The way my solver attacks the problem now involves 0-knowledge. It generates moves, counts the correctly positioned dedges, determines if it's possible to solve them all in the remaining depth, keeps trying if so, and prunes otherwise.
The approach I have outlined for the program is not advised for a human solve. Perhaps someone else can offer any applicable variant that might work.
Perhaps have the computer determine the permutation parity of the wing edges (likely by representing the wing state as a sequence and counting the number of inversions), then you have two cases:

Case 1: If wing parity begins as odd, then all solutions to wings must have an odd number of inner slice quarter turns. This will result in even parity and this no OLL parity. Basically prune out any solution that has an even number of inner slice quarter turns (these will result in OLL parity if you continue the solve)

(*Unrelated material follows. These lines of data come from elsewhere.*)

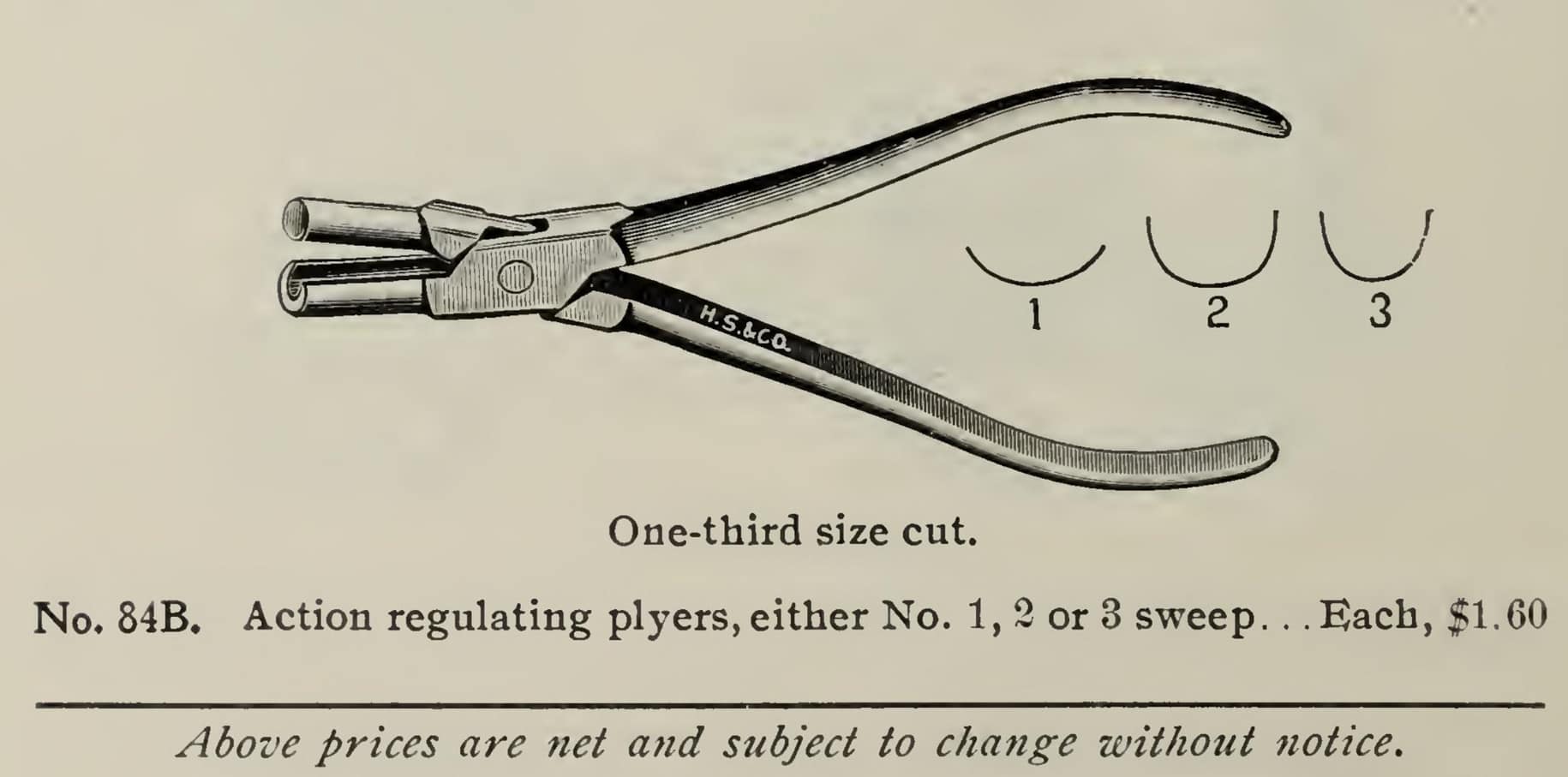 H.S. & Co. N.Y. Action Regulation Pliers, offered in 3 sweep patterns. From 1903 Catalogue. Apparently, the choice was important to piano workers at the time; to my knowledge, no current piano supply company offers several sweeps within one set of pliers. Stock number 84 B1 was the least sharp bend in the 1903 catalog.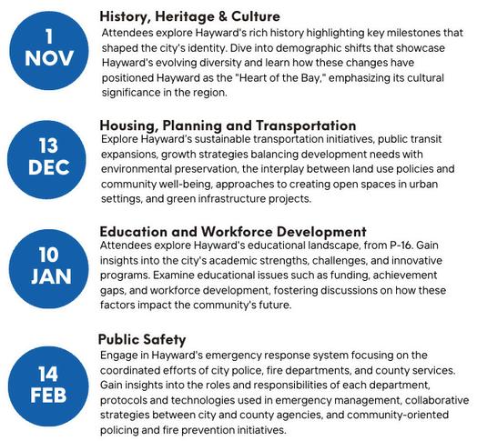Leadership Hayward is an intensive eight-month program, running from November to June, with one fun Friday session per month. Through our partnership with California State University, East Bay, University Extension, participants can earn 2.0 units of Continuing Education credit upon successful completion of the program.
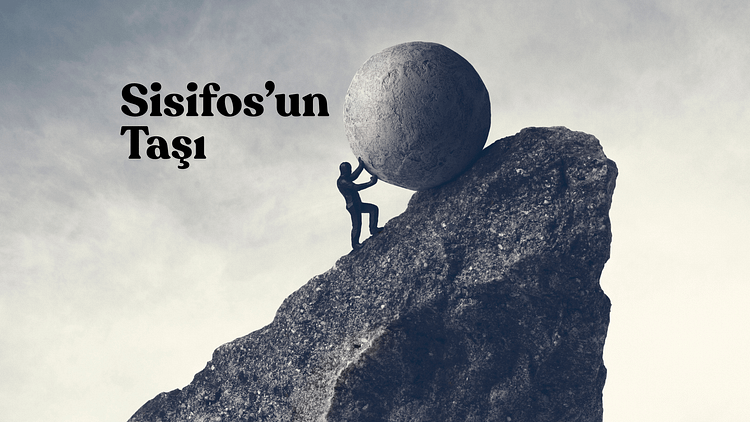 Yunan mitolojisinde hilekârlığı ve kibri nedeniyle Sisifos, tanrılar tarafından büyük bir kayayı dik bir tepenin doruğuna yuvarlamaya mahkûm edilir. Ne zaman kayayı tepeye ulaştırsa, taş yine yuvarlanır ve Sisifos her şeye en baştan başlamak zorunda kalır.

Case 2: If wing parity begins as even, then all solutions to wings must have an even number of inner slice quarter turns. Prune out any solutions that have an odd number of inner slice quarter turns.

How would a human do this? Is it written out somewhere already? For avoiding OLL parity I mean
Yes, I've written up a guide for how to do this in one of the 4x4 FMC threads I believe, and I also wrote one in a speedsolving thread once.

Around 2005 I attempted to use this technique seriously in 4x4 speedsolving, but I was never able to determine wing parity in the 15 second inspection time allotted so I abandoned the idea.